Colloquium　MASAMUNE, Jun “Constructions of non-trivial integrable harmonic functions on narrow or ample manifolds (joint with A. Grigoryan and M. Murata)”

Date
2016-11-2 16:30 - 18:00
Place
Room 501, Faculty of Science Bld. #4, Hokkaido University
Speaker/Organizer
MASAMUNE, Jun

16:30–17:00 Tea time
17:00–18:00 MASAMUNE, Jun

Title：Constructions of non-trivial integrable harmonic functions on narrow or ample manifolds (joint with A. Grigoryan and M. Murata)

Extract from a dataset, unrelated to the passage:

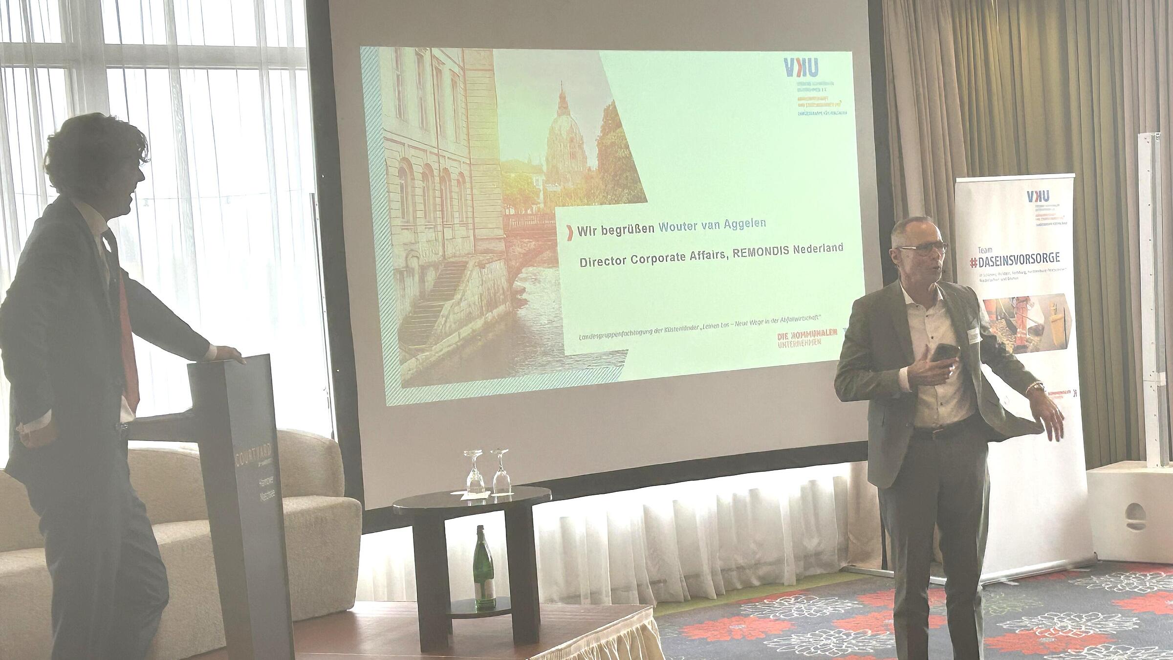 Der nächste Block „Ein Blick über den Deich“ , eingeführt von Christian Niehaves (AWIGO Abfallwirtschaft Landkreis Osnabrück GmbH), bot eine Gelegenheit, den Blick auf unsere Nachbarländer zu richten. Wouter van Aggelen (Director Corporate Affairs, REMONDIS Nederland) berichtete in seinem Vortrag über das innovative Windel-Recycling, bei dem u.a. gewonnenes Kunststoffgranulat für die Herstellung neuer Plastikprodukte verwendet werden kann. Zudem wies er darauf hin, dass die Niederlande ab dem Jahr 2025 eine Quote von 50 Prozent für die Wiederverwendung und Recycling von Textilien anstreben. Pim van Keep von SLB Capturi betonte, dass der Handel mit CO2-Abscheidungen einen eigenen, wirtschaftlichen Markt darstelle. Ronald de Vries (Twence B.V.) nannte konkrete Beispiele aus seiner Firma, um die Verwertung von abgeschiedenem CO2 mit der CCU-Technologie zu illustrieren. So wird das Gas nicht nur in Gewächshäusern genutzt, sondern dient auch zur Herstellung von Trockeneis. Über die aktuellen politischen Entwicklungen aus Brüssel referierte Anna Lena Wacker vom VKU e.V.
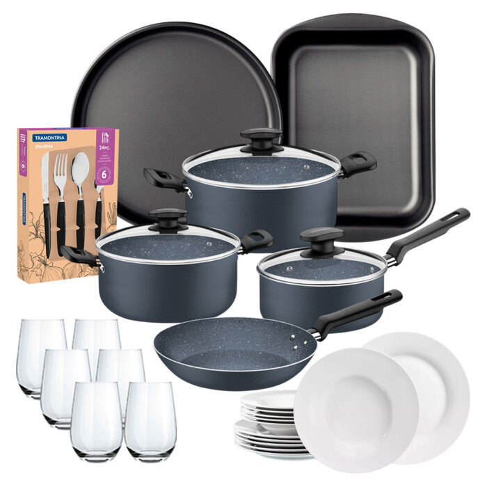 Olla de 16 cm 1,5 litros, sarten de 26 cm 1,8 litros, cacerola de 20 cm 2,9 litros y cacerola de 24 cm 4,9 litros.

Abstract：We say a Riemannian manifold $M$ enjoys $\mathcal F$-Liouville property when the set of functions $\mathcal F$ on $M$ is trivial. It is known that certain $\mathcal F$-Liouville properties manifest analytic properties of $M$; for instance, $L^2$-Liouville property and the essential self-adjointness of the Laplacian on $M$, and $L^\infty$-Liouville property and the recurrence of Brownian motion of $M$, etc. On the other hand, the meaning of the $L^1$-Liouville property, the most fundamental one, has been unclear. In this talk, we will learn that $L^1$-Liouville property is closely related with the behavior of Brownian motion at infinity, and arrive at two new classes of manifolds "narrow" and "ample". I will keep the talk simple and accessible also for non experts.